Further, California voters are 48% Democrats, 27% Republicans, and 23% independents or 4.6 million independents, many of which are Sander’s voters and/ or young first-time voters who lean to Sanders. Democratic leaders know that about 48% reliably vote Democratic each election. Retiring U.S. Senator Barbara Boxer, a pillar of the state’s Democratic elite, had a bad feud with Sanders’ supporters stemming from her being booed by them at the Nevada Democratic Party Convention. The Democratic elite might have good reasons not to invest in new, simplified voting procedures if they fear they will be rejected by the millions of new voters, but if the Democratic elite  restore the state’s New Deal heritage of free public tuition at UC and Cal State Universities (I went to UC Berkeley for $180/year in the 1960s), $15/hour minimum wage, etc, young voters will vote Democratic.

Similar voting problems to Los Angeles’ were reported across the state (San Diego voters held a protests against the same flaws as L.A. voters had complained), but no systematic study has been made and no lawsuit has been filed.
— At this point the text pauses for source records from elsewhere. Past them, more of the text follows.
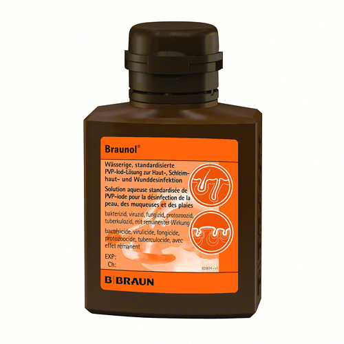 Braunol® unverdünnt auftragen und mit einem Tupfer verreiben. Zu behandelnde Hautpartien vollständig benetzen. Bei der präoperativen Hautdesinfektion „Pfützenbildung“ unter dem Patienten wegen möglicher Hautreizungen vermeiden.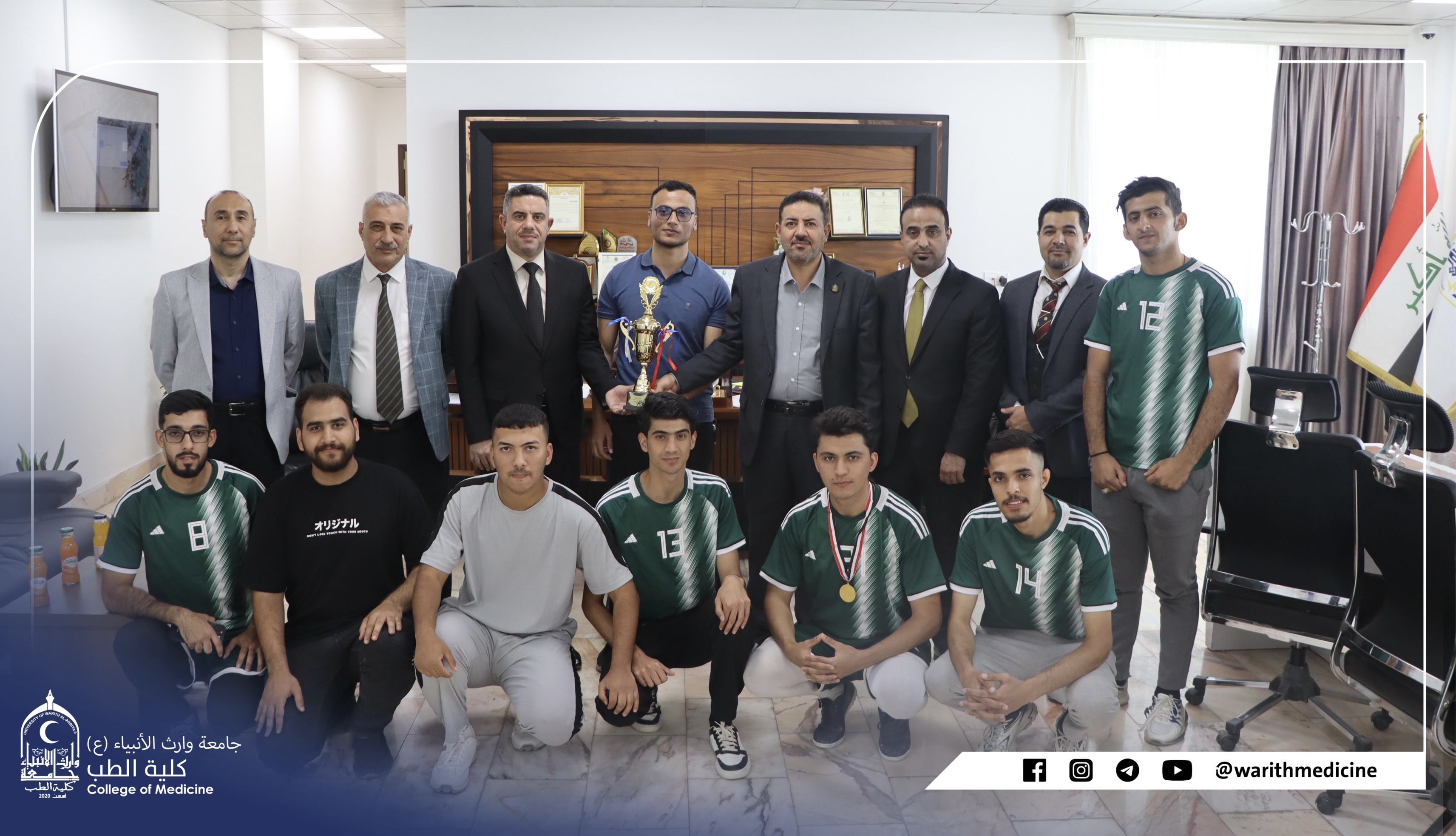 عمادة كلية الطب متمثلة بالسيد عميد الكلية الاستاذ الدكتور علي عبد سعدون المحترم تهنئ فريق طلبة المرحلة الخامسة لحصولهم على المركز الثاني في بطولة الجامعة متمنين لهم دوام النجاح والتألق في النشاطات الرياضية الجامعية .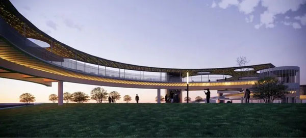 根据项目方的初步设计方案,规划中的半月岛天桥主体(一期)长度约为 400米,天桥横跨东平路,将半月岛与西侧城市公园串联为整体。在设计上,天桥为了呼应半月岛主题,设计成大小不一的“月牙”叠合在一起,相切的位置将演变为各种有趣的空间,例如观景台、畅想区、艺术展览、共享图书馆等。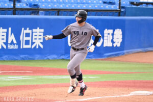 みんな祝福してくれたんですけど、高校時代はホームランを打ったら、横浜DeNAベイスターズがやっている「デスターシャ」というのをみんなでやるノリがあって、大学ではなかったんですけど、僕が打ったら「やっちゃう?やっちゃう?」みたいな感じになって、安達(英輝=商2・慶應)が実際にやって、盛り上げてくれたと思います。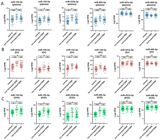 Selected miRNAs with concentration changes between controls and non-metformin (non-met) treated, and metformin-treated (met treated) T2DM. Plots of selected miRNAs showing concertation differences between controls, non-metformin treated T2DM and metformin treated T2DM patients in plasma, EV and EV-depleted samples. Plasma miRNA plots (A) are depicted in blue, EV miRNA plots (B) are depicted in red, and EV-depleted miRNA plots (C) are depicted in green. The values are in log2 RPM (log2 transformed reads per million), with each dot representing a patient sample. The invariant miRNAs, miR-451a-5p and miR-485-5p, are also shown. Statistically significant results are designated by asterisks (* p < 0.05, ** p < 0.01), and non-significant results are designated as ‘NS’.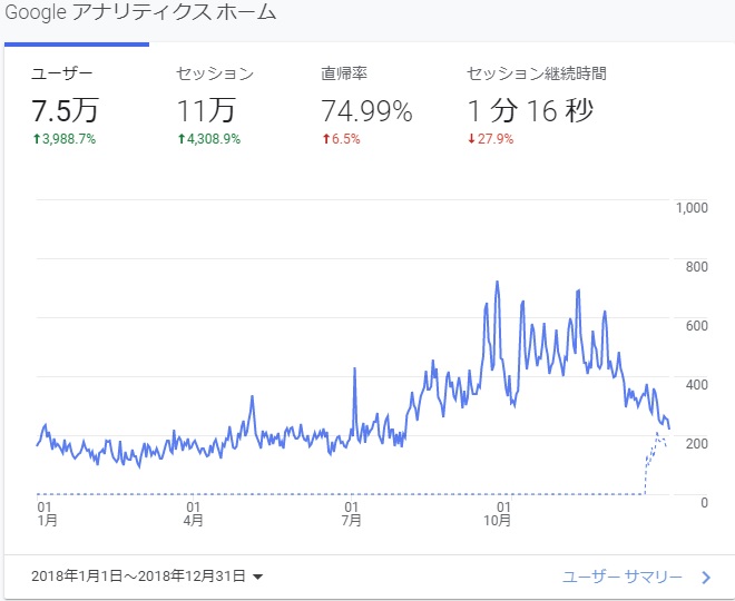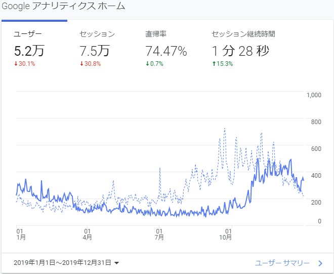 あれこれ対策を行いようやく11月頃に回復し始めましたが、年間を通すと2018年の総ユーザー数7.5万に対し2.3万減の5.2万、年間収益も諭吉2枚ほど下がり4枚ほどです。収益はもともと大したことがないですからね。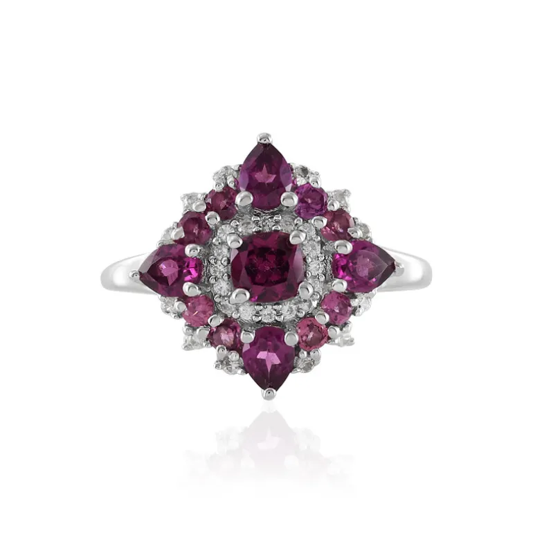 Tauchen Sie ein in den zeitlosen Charme unseres Vintage Cushion & Teardrop Rhodolite Silberrings. Dieses exquisite Stück präsentiert einen zentralen antiken brasilianischen Rhodolithen im Kissenschliff, der von einem eleganten Ensemble aus Edelsteinen im Tropfen- und Rundschliff umrahmt wird und einen harmonischen Ausbruch leuchtender Magentatöne erzeugt. Die kambodschanischen Zirkon-Akzente verleihen dem Band aus 925er Sterlingsilber einen besonderen Glanz. Genießen Sie das Gesamtgewicht der Edelsteine von 1,69 ct und das sorgfältig gearbeitete Design von 22 x 20 mm. Dieser Ring strahlt Raffinesse aus und ist eine wunderbare Wahl sowohl für zwanglose Brunchs als auch für aufwändige Abendveranstaltungen.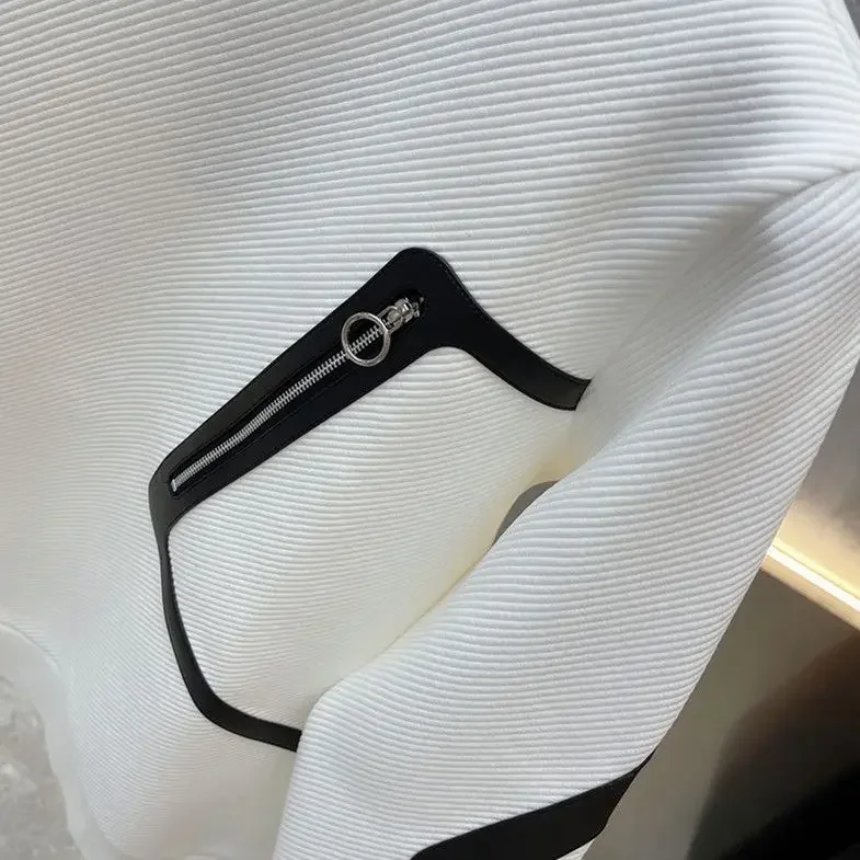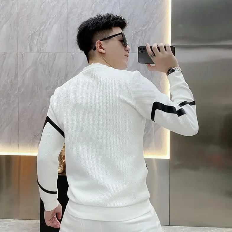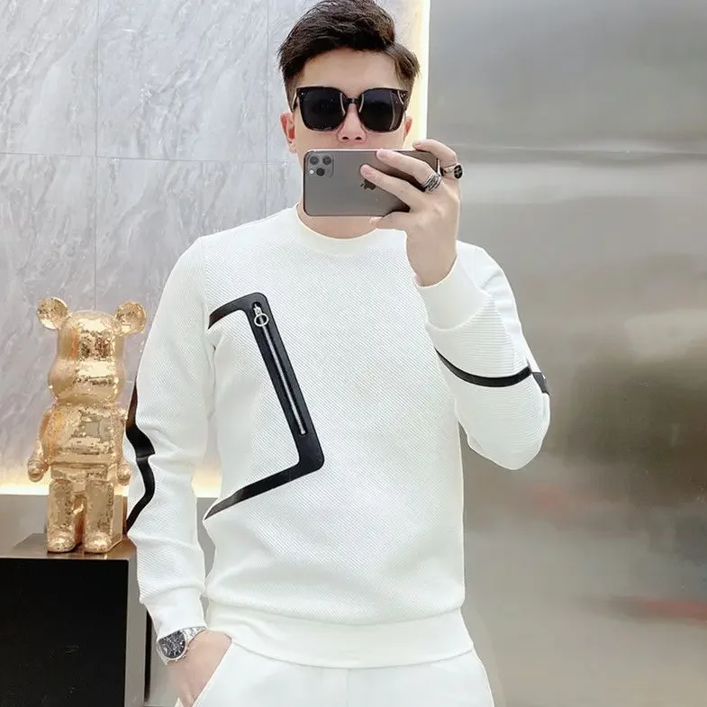 T-shirt a contrasto di colore Patchwork con cerniera di tendenza moda uomo primavera autunno pullover a maniche lunghe larghi casuali top vestiti maschili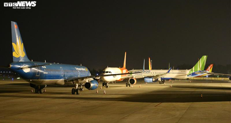 Quyết định dừng toàn bộ các chuyến bay quốc tế khiến nhiều máy bay buộc phải nằm chờ dài hạn ở sân đỗ Cảng hàng không Nội Bài (Hà Nội).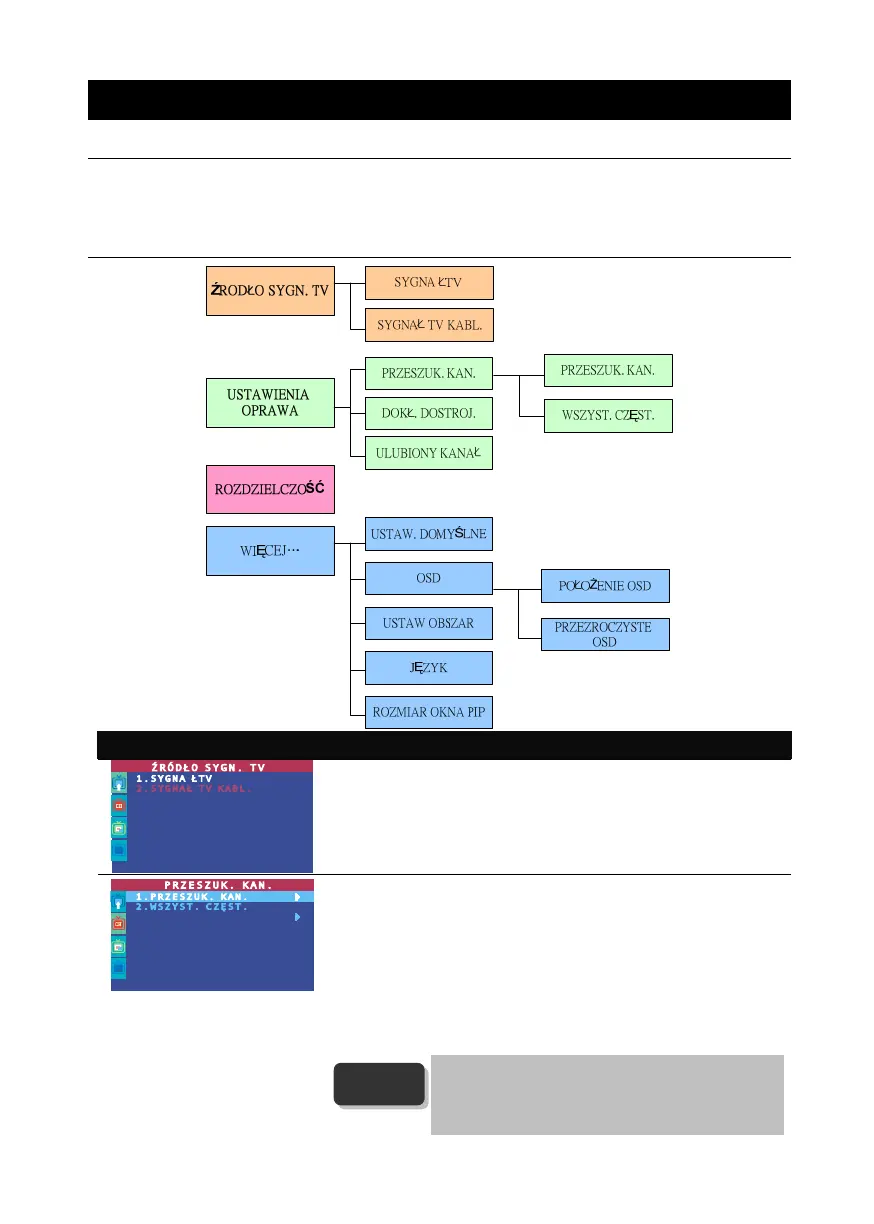 Przyciski CH▲ lub CH▼ służą do wyboru między opcją CH SCAN lub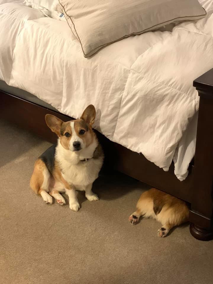 「うちの犬は、まだ上手な隠れ方を知らない…」頭隠して尻隠さずのコーギー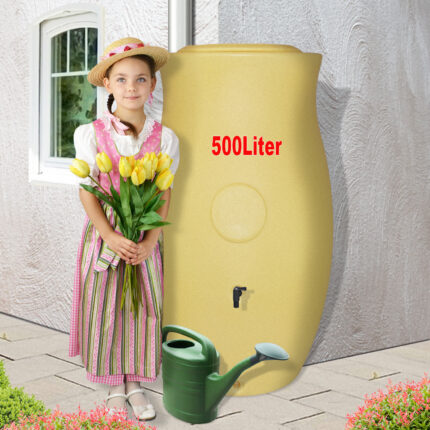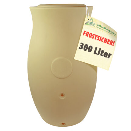Regenfass mit Pflanzschale – Amphore Maja 300l beige-gelb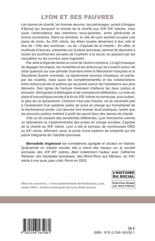 Surnommée " Ville des aumônes " ou " Capitale de la charité " au XIXe siècle, Lyon occupe une place de choix dans le domaine de la charité. Ce dynamisme se poursuit après la mise en place d'une politique sociale fin XIXe. Elle est le berceau de nombreuses ONG au XXe siècle, affirmant ainsi que la solidarité fait partie intégrante de l'identité lyonnaise. Ce livre dégage les enjeux, les modalités et les acteurs qui se croisent à Lyon autour de la question de la charité entre 1800 et 1939.

If the state’s voting system breaks down with 650,000 new voters, how could it handle 6 million new voters? Though it’s commendable to make voter registration easier, the state needs to simplify its cumbersome voting procedures, get updated machines that also have paper ballots, get enough trained poll workers for the next election, and educate new voters before election day. Senator Senders on CBS news has endorsed open primaries, same day registration, and enough trained staff to get the votes counted quickly.

Californians who want to see votes quickly counted so they count should first try for a serious dialogue with the legislature and the counties that California’s voting procedures be simplified and able to handle 6.6 new million voters without breakdown. Now 2.5 million votes have been nullified by inept voting procedures, mass media propaganda, and the super delegate system.  If the state doesn’t improve how it votes, more millions of votes could be nullified in the next election.